Albert Abraham Wolff (31 December 1835, Cologne – 22 December 1891, Paris), was a French writer, dramatist, journalist, and art critic who was born in Germany.

Biography

Wolff graduated from a trade school after teaching in Paris . This was followed by a degree  in Bonn before he settled in Paris in 1857. There he worked as a secretary for Alexandre Dumas. From 1859 he was editor of Le Charivari under the pseudonym Charles Brassac. He moved to Le Figaro where he became a leading art critic and was later promoted to editor of the newspaper. His discussions of the Paris Salon had a great impact of the success of contemporary artists. Wolff supported academic painting, with Jean-Louis-Ernest Meissonier as one of his favourite artists. Moreover he was intensively connected with contemporary French artists, a. o. the painters of the Barbizon School who he visited and interviewed frequently.
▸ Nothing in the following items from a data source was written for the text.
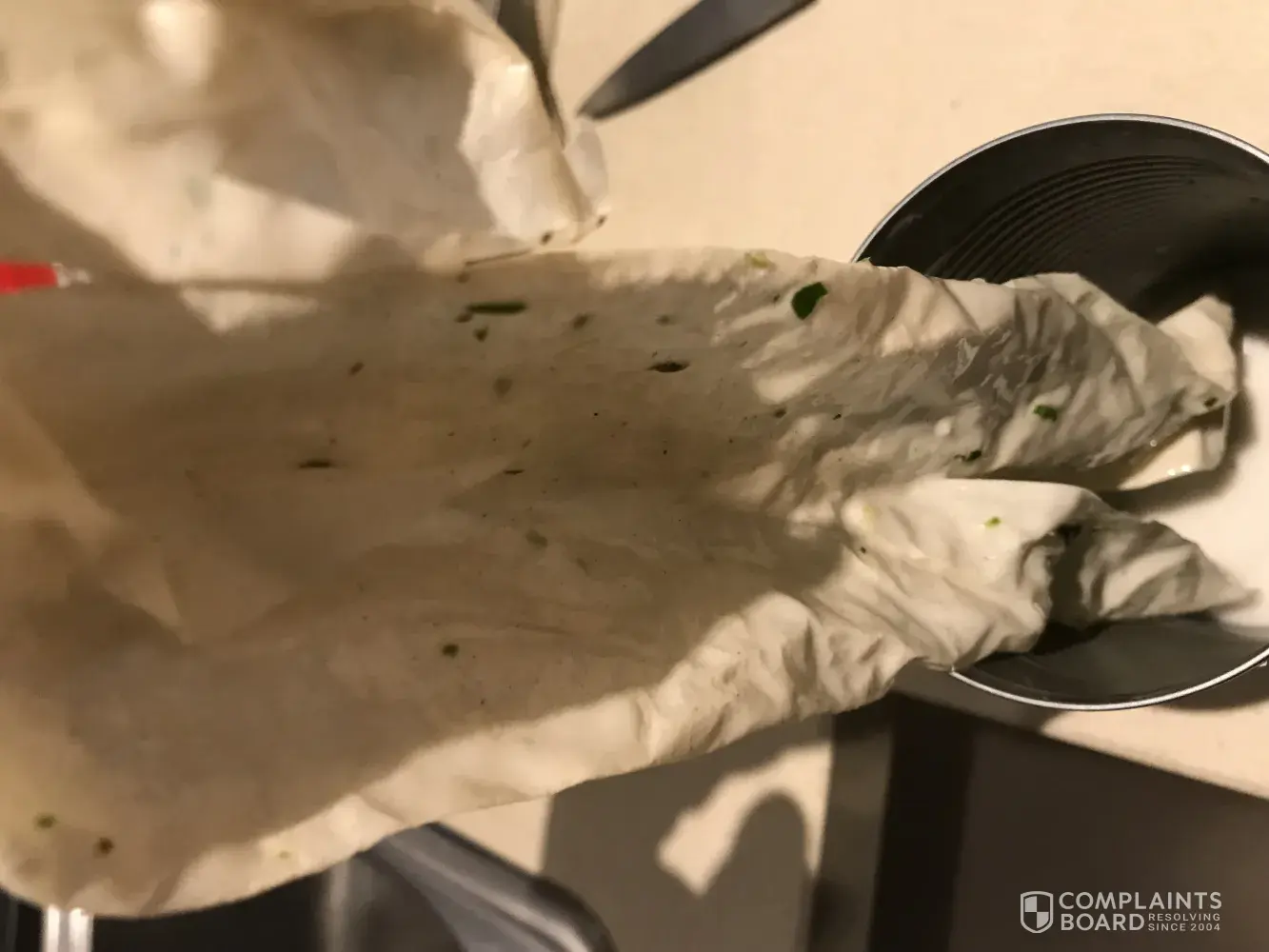 The paper in the tin seems to be dirty with little bits of green marks on it.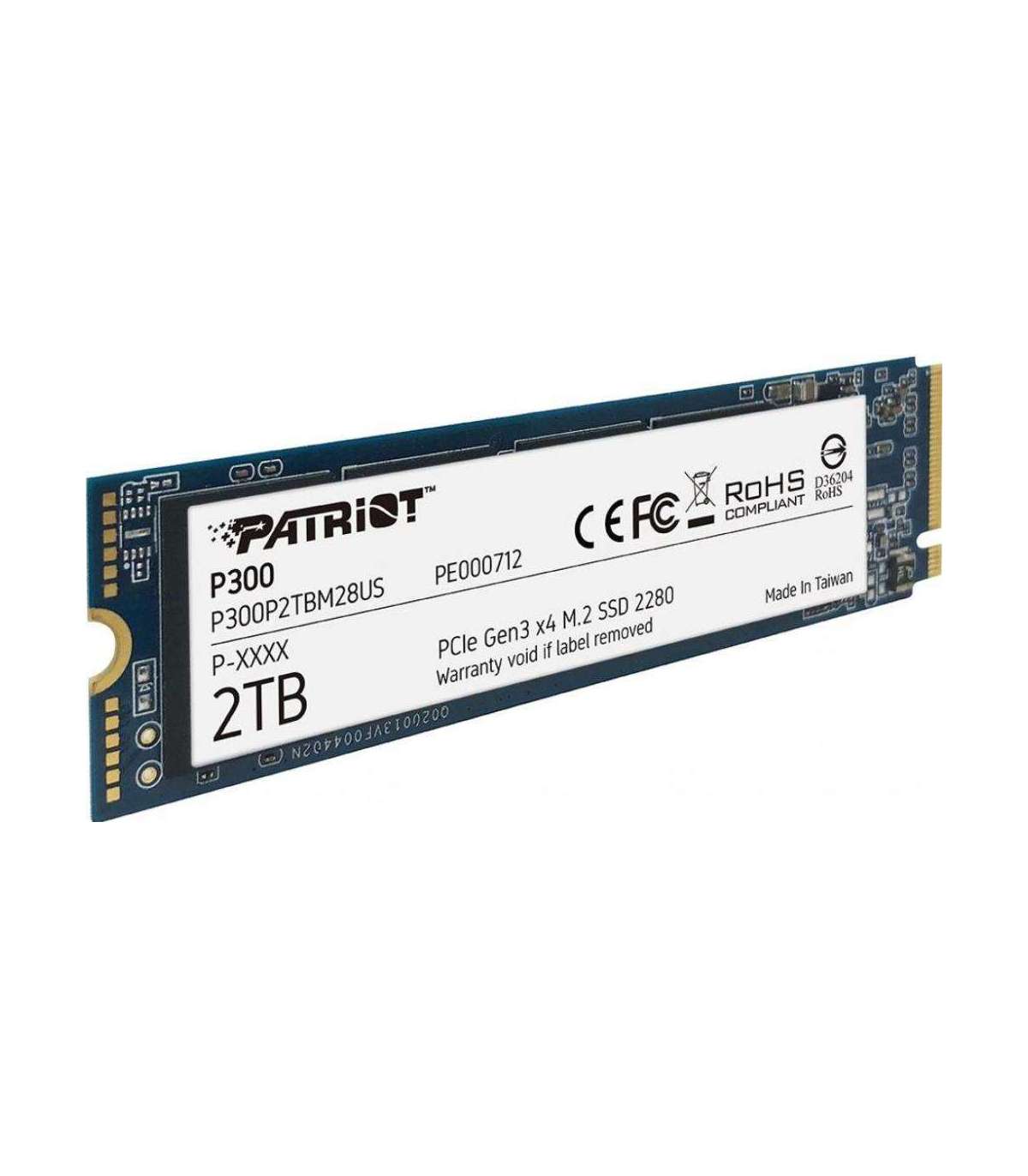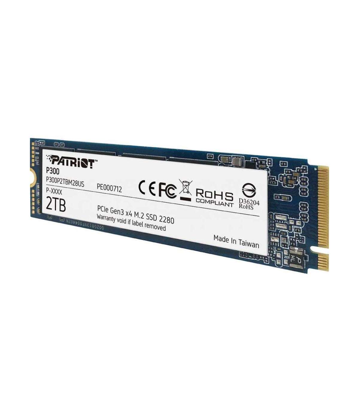 SSD|PATRIOT|P300|2TB|M.2|PCIE|NVMe|QLC|Write speed 1650 MBytes/sec|Read speed 2100 MBytes/sec|3.8mm|TBW 960 TB|P300P2TBM28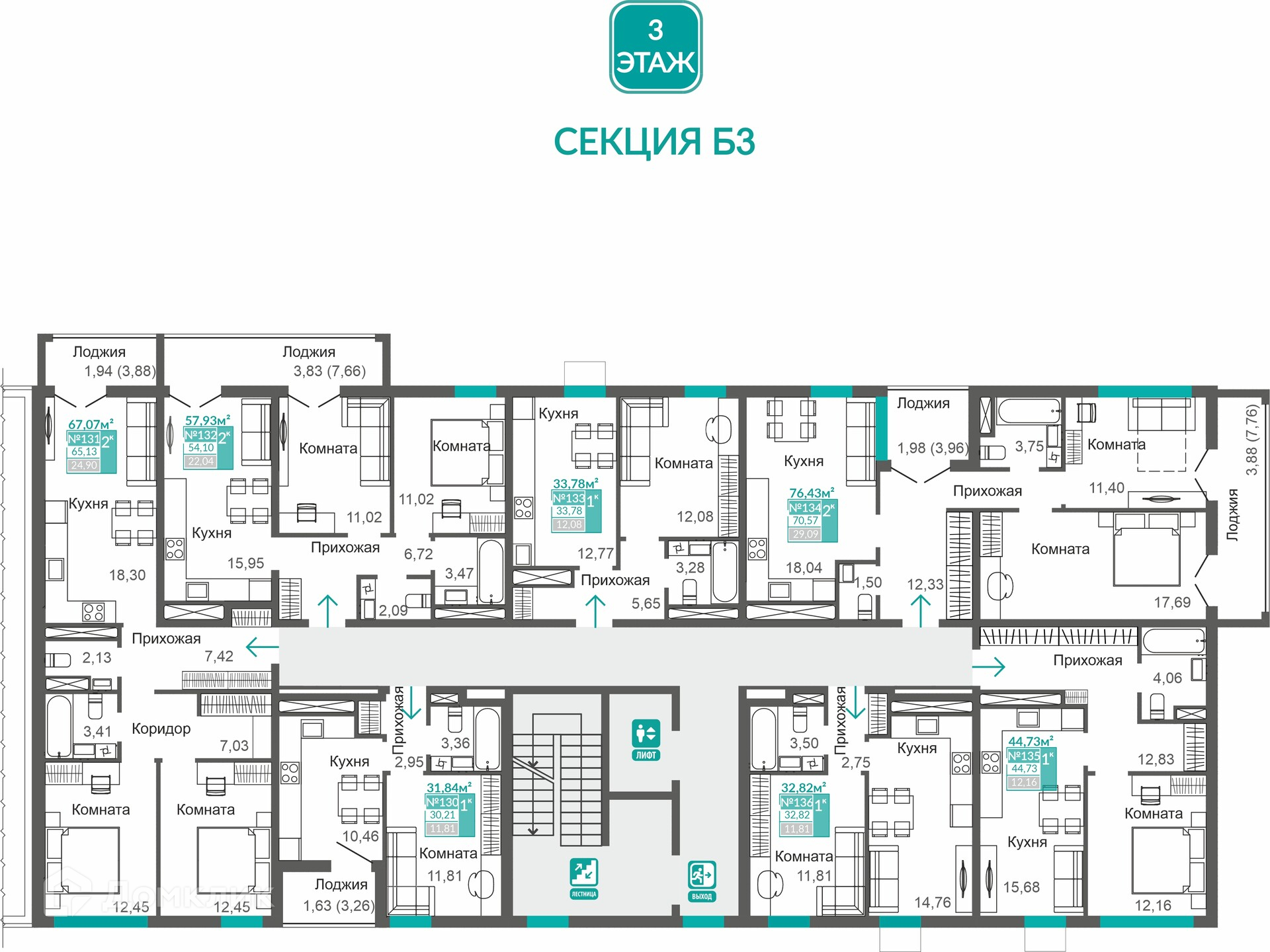 Площади квартир

In his publication of 1886: 'Notes upon certain Masters of the XIX century' Wolff described the French painters whose pictures were exhibited on the exhibition 'Cent Chefs-d'Oeuvres: the Choiche of the French Private Galleries', in Paris, 1883. Wolff opposed Impressionism, although occasionally he praised individual works from this school. He also published detailed observations of Paris in several books and wrote several novels and stage plays. Politically, he opposed antisemitism.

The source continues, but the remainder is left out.